Mas aqueles que veem uma Espanha majoritariamente centrista usam o mesmo ponto de referência histórico para seus argumentos. A tradicional rejeição do eleitorado espanhol aos extremos, segundo alguns especialistas, estava enraizada precisamente em sua memória da polarização mortal da era de Franco.
Mais tarde, através dos traumas compartilhados de décadas de assassinatos cometidos por terroristas bascos que tentavam escapar da Espanha, os dois principais partidos do establishment, o Partido Popular e os Socialistas, forjaram um centro político e forneceram um lar espaçoso para a maioria dos eleitores.
Mas eventos recentes testaram a força da imunidade da Espanha aos apelos dos extremos políticos. Ainda que inflexivelmente centrista, a política espanhola hoje, se não polarizada, é sem dúvida puxada para as periferias.

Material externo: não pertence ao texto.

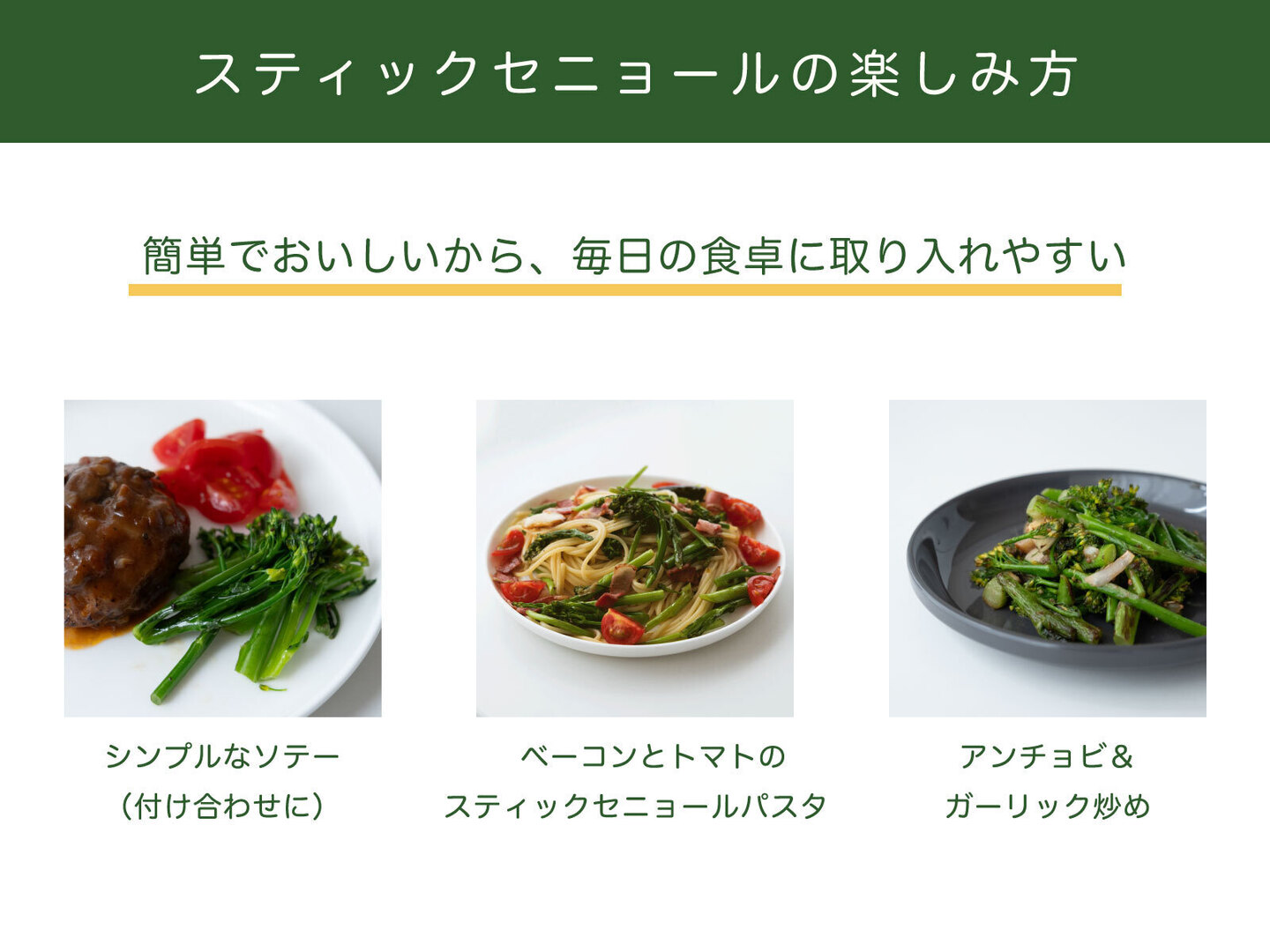パスタや肉料理の付け合わせにもおすすめ

Um escândalo de corrupção no Partido Popular levou o Vox a se separar em 2013. Então, a quase secessão da Catalunha em 2017 forneceu combustível para os nacionalistas em um momento em que a raiva populista contra a globalização, a União Europeia e as políticas de identidade baseadas em gênero estavam decolando em toda a Europa.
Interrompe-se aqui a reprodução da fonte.